DATA BELOW:
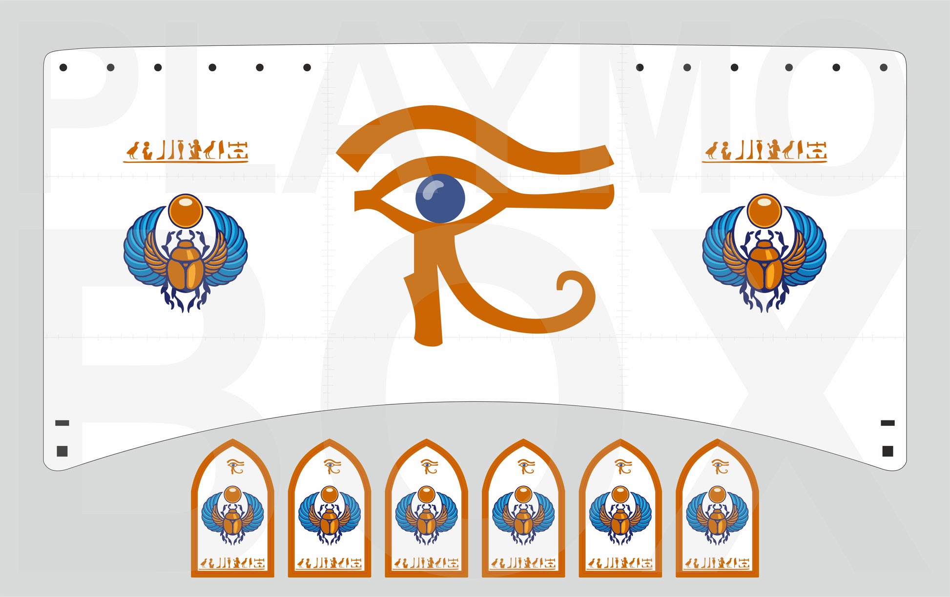 Sail the sacred Nile and foreign seas under the protection of the falcon and the bloom of the lotus. This premium waterproof sail and sticker set features hieroglyphic motifs, the eye of protection, papyrus patterns, and the soaring falcon—emblem of divine kingship and sky power. Inspired by the ceremonial and military vessels of the New Kingdom and Ptolemaic fleets, the double-sided sail evokes both majesty and might. Whether transporting treasure, patrolling foreign harbors, or guarding pharaoh's will, your Playmobil vessel becomes a barge of empire and eternal tradition.
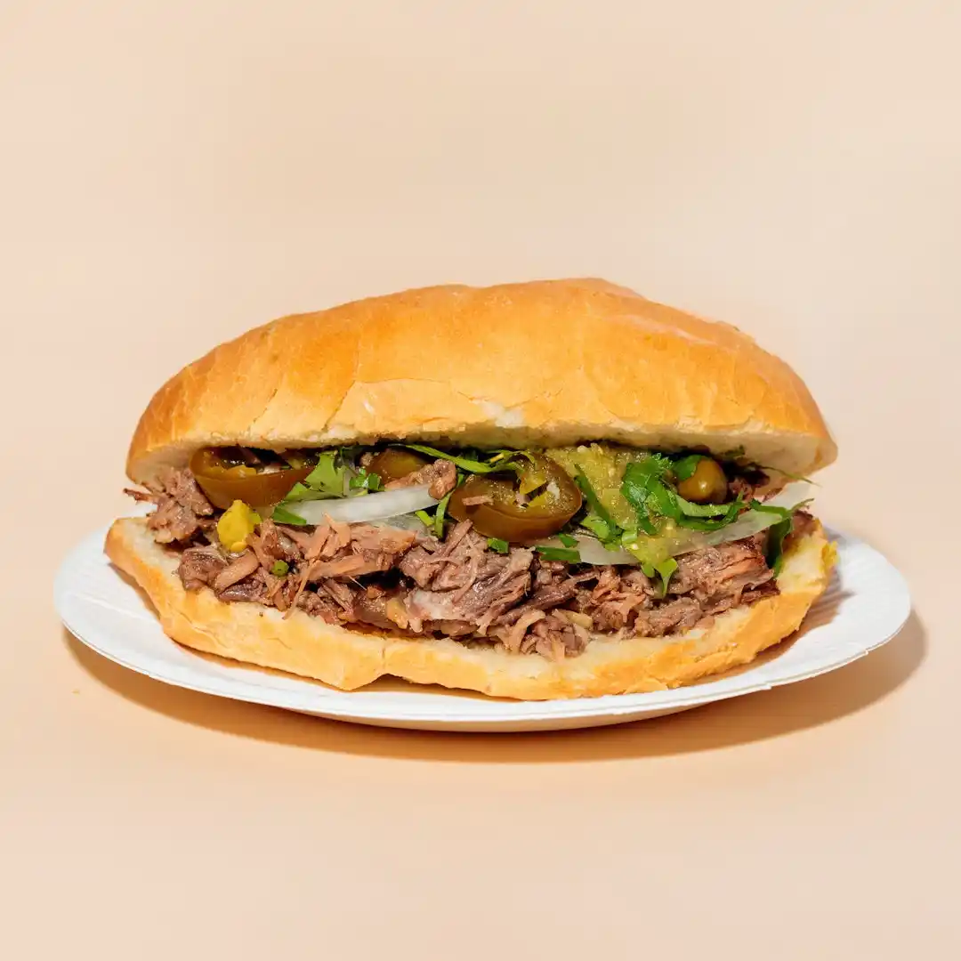 ANTOJITOS(軽食) には、人気のメキシコ式サンドイッチ 「Torta(トルタ)」 を提供。 ふんわりしたパンに肉・野菜・サルサを挟んだ、ボリューム満点のストリートフードで、朝食にもランチにもぴったりです。 |
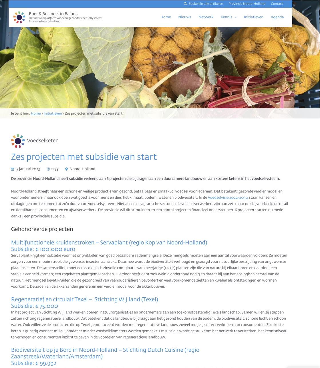 Deze pagina bevat meerdere iframes onder de kop “Video's” met title-attributen die geen informatie geven over het type inhoud. Bijvoorbeeld de title-attributen: "Regeneratieve landbouw met Kees Hotting", “Biodiversiteit op je Bord – icoonproject Voedselvisie”, “Jelle Beemsterboer over de Noord-Hollandse Voedselvisie” en andere.

TASK OBJECTIVE:
Could each line of the data be written out exactly, with no pictures included?

RESPONSE TO THIS EXERCISE:
 Sail the sacred Nile and foreign seas under the protection of the falcon and the bloom of the lotus. This premium waterproof sail and sticker set features hieroglyphic motifs, the eye of protection, papyrus patterns, and the soaring falcon—emblem of divine kingship and sky power. Inspired by the ceremonial and military vessels of the New Kingdom and Ptolemaic fleets, the double-sided sail evokes both majesty and might. Whether transporting treasure, patrolling foreign harbors, or guarding pharaoh's will, your Playmobil vessel becomes a barge of empire and eternal tradition.
 ANTOJITOS(軽食) には、人気のメキシコ式サンドイッチ 「Torta(トルタ)」 を提供。 ふんわりしたパンに肉・野菜・サルサを挟んだ、ボリューム満点のストリートフードで、朝食にもランチにもぴったりです。 |
 Deze pagina bevat meerdere iframes onder de kop “Video's” met title-attributen die geen informatie geven over het type inhoud. Bijvoorbeeld de title-attributen: "Regeneratieve landbouw met Kees Hotting", “Biodiversiteit op je Bord – icoonproject Voedselvisie”, “Jelle Beemsterboer over de Noord-Hollandse Voedselvisie” en andere.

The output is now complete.